Paid loyalty programs enhance customer engagement

After customers decide to pay an annual fee in exchange for special benefits, they become incentivized to spend even more with your brand. They want to ensure their decision pays off through savings due to features and perks like discounts or free shipping. A 2020 McKinsey survey found that members of paid loyalty programs are 43% more likely to buy weekly after joining, 59% more likely to choose the brand instead of a competitor, and 62% more likely to increase their spending with the brand.    

Dialing in the value proposition 

For all that to work, a paid loyalty program's value matrix has to make sense both for brands and consumers, who expect a return of at least 150 percent on their annual membership charge, according to McKinsey.      

Getting that value proposition dialed in has proven challenging for businesses. This year, several high-profile brands shook up their approach to paid loyalty by adding value to their offering, along with the potential for greater engagement.   

In March, for example, outdoor retailer REI relaunched its lifetime membership program, raising the price from $20 to $30 and broadening its focus.

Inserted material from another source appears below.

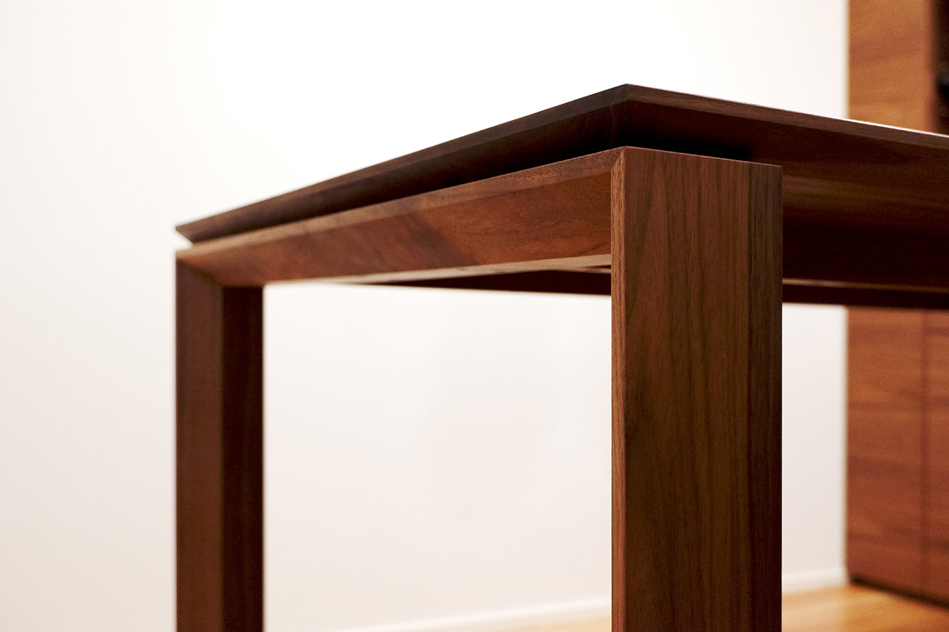 お客様に非常に具体的なイメージがございましたので頂いた情報をもとにディテールを詰めていきました。木目の流し方とテーブルの形状はお客様のこだわりです。

Rewards and coupons are still included, but now REI's program is based on components such as member-only exclusive products and used-gear shop, plus free shipping. 

There's also a new incentive for social good: REI is donating $5 from each membership fee to a nonprofit dedicated to supporting green spaces and outdoor culture. Those changes track with the results of a 2021 Lightspeed/Mintel survey that shows exclusive offerings and shipping benefits are among consumers' most desired features in a paid loyalty program.     

Bed Bath & Beyond is another retailer that burnished its paid loyalty program this year, replacing its Beyond+ program with a new offering called Welcome Rewards+. The annual fee is the same—$29—but on top of existing perks such as a 20% discount, the new program also includes free same-day delivery on four orders per year, along with an option to use mobile checkout when shopping at a brick-and-mortar location.     

Even Amazon is adding benefits to its Prime program, offering free delivery on some GrubHub orders and expanding the music library available to Prime users. The cost of Prime increased to $139 from $119 per year.     

Finding the optimal rewards formula

All of these changes suggest companies are searching for a rewards formula that will enable them to continue attracting customers to paid loyalty programs even during an economic downturn. There's reason to believe they can be successful if they find the right mix. A Barclaycard Payments survey found 38 percent of consumers believe subscriptions offer good value, and more than a third said subscriptions help them manage finances amidst rising costs. Forty-two percent cited reassurance key products would be delivered as another benefit. That last point bodes especially well for paid loyalty programs because one possible perk of an elite-status loyalty program is to offer first dibs on restocked items.    

Finding the right loyalty formula for your brand can be a challenge in this uncertain economic climate. Knowing the real value of your program's value exchange is paramount, especially as brands and consumers alike look to maximize their marketing dollars. Harnessing the power from Epsilon PeopleCloud and our emotional loyalty technology allows brands to drive deeper connections. Even free loyalty programs, such as Dunkin', use flexible program offers and incentives to adjust to changing customer needs. With Epsilon as a partner since 2013, they've been able to increase loyalty member spending year-over-year by 50%.

Whether free or paid, loyalty programs need to offer a mutually beneficial value exchange. This is an interesting moment for brands investing in loyalty programs. The paid loyalty concept has grown in popularity over the last few years, showing such programs can provide value for brands and consumers alike.

That value proposition will be tested in the event of a recession. Still, we believe with the right mix of benefits, paid loyalty programs can withstand a recession and grow as consumers look for value-added ways to manage spending and engage with their favorite brands.